Supplied records:
════════════════════

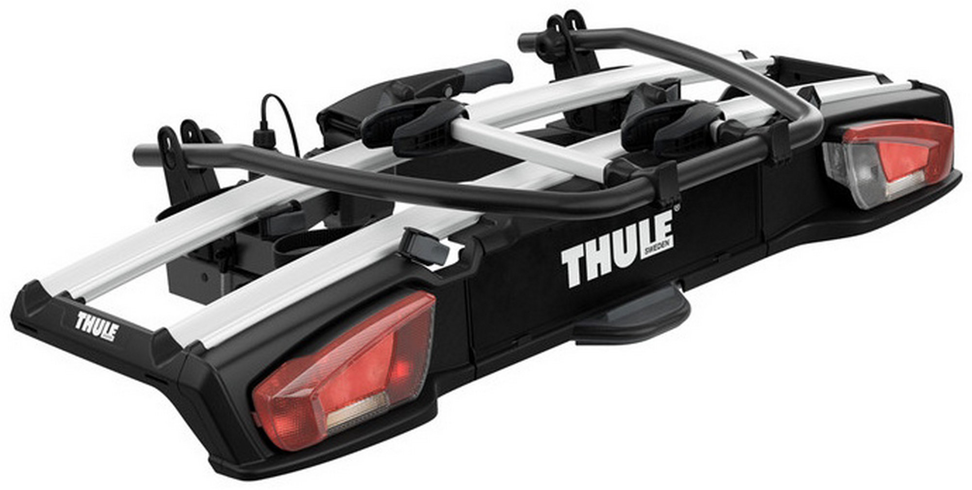The versatile bike rack for all types of bikes from e-bikes and fatbikes to small childrens bikes.High load capacity enabling transport of e-bikes and heavy mountain bikesExtra-wide between wheel holders (25 cm) for the easiest mounting of sturdy bikesPossible to increase the load capacity to 3 bikes by adding Thule VeloSpace XT Bike AdapterExtra-long wheel trays enabling transport of large bikes (up to 1300 mm wheelbase).Adjustable pump buckles with extra-long wheel straps for easy fastening of wheels (up to 4.7" wheels) enabling transport of fat bikesEasy mounting of bikes through detachable bike arms with Thule AcuTight torque limiter knobs that click when optimal torque is reachedEasy mounting and adjustment of the bike rack before closing the tightening handle, thanks to the towbar couplings initial stabilityEasy trunk access even with bikes mounted, thanks to smart foot pedal tiltLock your bikes to the bike rack and your bike rack to the towbar (locks included)Combine with Thule BackSpace XT to create an all-round cargo carrier, giving the car 300L of easily accessed, extra loading spaceIMPORTANT: Please check compatibility before buying - https://www.thule.com/en-gb/gb/buyers-guideMax number of bikes: 2 ( 3 with adapter)Load capacity: 60 kgMax bike weight: 30 kgSize: 135 x 69 x 79 cmFolded dimensions: 135 x 74 x 25 cmWeight: 18.7 kgFits frame dimensions: 22-80 mmDetachable frame holdersDistance between bikes: 25 cmCarbon frame compatible (Adapter/s required: Thule Carbon Frame Protector)Wheel mounting on adjustable holders: Pump bucklesTilt function (with bikes)Does not fit cars with exterior spare tyreRear lightsPower connector: 13-pinOne Key System compatibleLockable bike-to-rackLockable rack-to-vehicleAccessories for Thule VeloSpace XT 2 (not included, can be ordered separately):Thule VeloSpace XT Bike AdapterThule Loading Ramp XTThule BackSpace XTThule BackSpace XT 3rd Bike ArmThule Transport WheelThule Carbon Frame ProtectorThule XXL Fatbike Wheel StrapsThule Bike Frame AdapterThule Adapter 9906Thule Number PlateThule Wheel Strap LocksThule One-Key System 4-pack
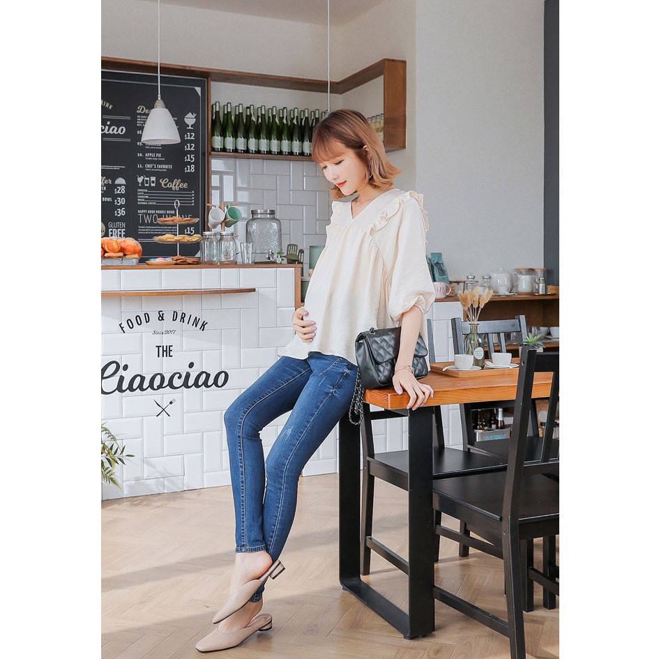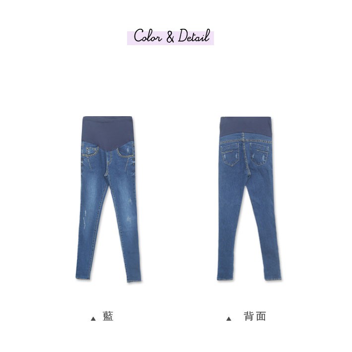 腰可調 激瘦刷色彈力牛仔窄管褲 哈韓孕媽咪孕婦裝 【HB3671】
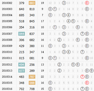 回顾:18316期开奖结果为:708;奇偶形态:奇偶偶;大小形态:大小大;和值:15;跨度:8;
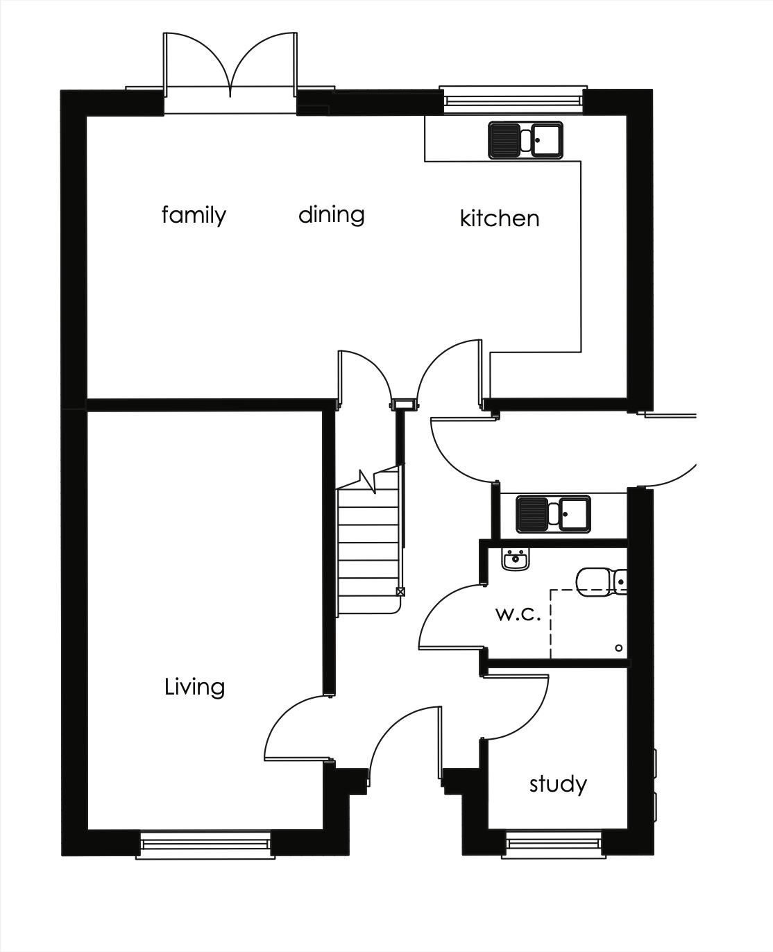 The Wibben is a contemporary four-bedroom detached family home designed for modern families which boasts an enviable living space, with enough space for two living room areas. A feature hallway leads onto the study, downstairs W/C. and convenient utility room perfect for practical modern family living. The well-thought-out floor plan provides a large living room looking out to the front of the home, and an open-plan kitchen/dining area with room for a second living space.
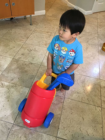 Peanut also found such joy in playing with this pretend microwave. He spent at least an hour making “grape soup”.
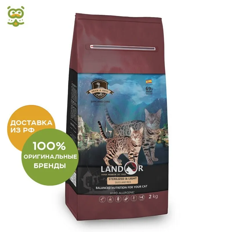Основная проблема организма стерилизованных домашних животных - это увеличение веса, и кошки не исключение. Корм LANDOR STERILIZED & LIGHT for a CAT разработан специально для стерилизованных кошек. Набор химических элементов, содержащихся в нем, идеально подойдет для пищеварительной системы домашних питомцев. Мясо утки, главный ингредиент которого по своему составу содержит оптимальное количество витаминов и белков, укрепит иммунитет, гарантирует набор всех необходимых химических веществ в рационе питания. Высокое содержание L-карнитина обеспечит стабильный процесс пищеварения, что не даст вашему любимцу набрать избыточный вес, одновременно стимулирует рост мышц и синтез белков в организме.
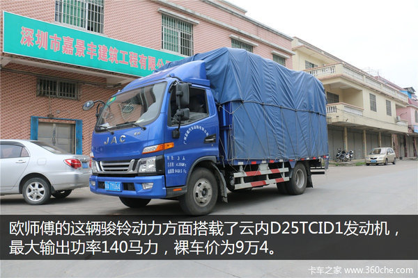 由于之前没有接触过轻卡,欧师傅在买车时,听取了身边老乡的购车经验。他表示,自己有老乡在广州坤厚买过骏铃,各方面都感觉不错,而他在对比完各款骏铃的价格,并听完销售人员的介绍后,最终定下了这辆德威动力的新骏铃。

════════════════════

Exercise brief: Set every entry down again word for word, but not the pictures.

Task answer:
The versatile bike rack for all types of bikes from e-bikes and fatbikes to small childrens bikes.High load capacity enabling transport of e-bikes and heavy mountain bikesExtra-wide between wheel holders (25 cm) for the easiest mounting of sturdy bikesPossible to increase the load capacity to 3 bikes by adding Thule VeloSpace XT Bike AdapterExtra-long wheel trays enabling transport of large bikes (up to 1300 mm wheelbase).Adjustable pump buckles with extra-long wheel straps for easy fastening of wheels (up to 4.7" wheels) enabling transport of fat bikesEasy mounting of bikes through detachable bike arms with Thule AcuTight torque limiter knobs that click when optimal torque is reachedEasy mounting and adjustment of the bike rack before closing the tightening handle, thanks to the towbar couplings initial stabilityEasy trunk access even with bikes mounted, thanks to smart foot pedal tiltLock your bikes to the bike rack and your bike rack to the towbar (locks included)Combine with Thule BackSpace XT to create an all-round cargo carrier, giving the car 300L of easily accessed, extra loading spaceIMPORTANT: Please check compatibility before buying - https://www.thule.com/en-gb/gb/buyers-guideMax number of bikes: 2 ( 3 with adapter)Load capacity: 60 kgMax bike weight: 30 kgSize: 135 x 69 x 79 cmFolded dimensions: 135 x 74 x 25 cmWeight: 18.7 kgFits frame dimensions: 22-80 mmDetachable frame holdersDistance between bikes: 25 cmCarbon frame compatible (Adapter/s required: Thule Carbon Frame Protector)Wheel mounting on adjustable holders: Pump bucklesTilt function (with bikes)Does not fit cars with exterior spare tyreRear lightsPower connector: 13-pinOne Key System compatibleLockable bike-to-rackLockable rack-to-vehicleAccessories for Thule VeloSpace XT 2 (not included, can be ordered separately):Thule VeloSpace XT Bike AdapterThule Loading Ramp XTThule BackSpace XTThule BackSpace XT 3rd Bike ArmThule Transport WheelThule Carbon Frame ProtectorThule XXL Fatbike Wheel StrapsThule Bike Frame AdapterThule Adapter 9906Thule Number PlateThule Wheel Strap LocksThule One-Key System 4-pack
 腰可調 激瘦刷色彈力牛仔窄管褲 哈韓孕媽咪孕婦裝 【HB3671】
 回顾:18316期开奖结果为:708;奇偶形态:奇偶偶;大小形态:大小大;和值:15;跨度:8;
 The Wibben is a contemporary four-bedroom detached family home designed for modern families which boasts an enviable living space, with enough space for two living room areas. A feature hallway leads onto the study, downstairs W/C. and convenient utility room perfect for practical modern family living. The well-thought-out floor plan provides a large living room looking out to the front of the home, and an open-plan kitchen/dining area with room for a second living space.
 Peanut also found such joy in playing with this pretend microwave. He spent at least an hour making “grape soup”.
Основная проблема организма стерилизованных домашних животных - это увеличение веса, и кошки не исключение. Корм LANDOR STERILIZED & LIGHT for a CAT разработан специально для стерилизованных кошек. Набор химических элементов, содержащихся в нем, идеально подойдет для пищеварительной системы домашних питомцев. Мясо утки, главный ингредиент которого по своему составу содержит оптимальное количество витаминов и белков, укрепит иммунитет, гарантирует набор всех необходимых химических веществ в рационе питания. Высокое содержание L-карнитина обеспечит стабильный процесс пищеварения, что не даст вашему любимцу набрать избыточный вес, одновременно стимулирует рост мышц и синтез белков в организме.
 由于之前没有接触过轻卡,欧师傅在买车时,听取了身边老乡的购车经验。他表示,自己有老乡在广州坤厚买过骏铃,各方面都感觉不错,而他在对比完各款骏铃的价格,并听完销售人员的介绍后,最终定下了这辆德威动力的新骏铃。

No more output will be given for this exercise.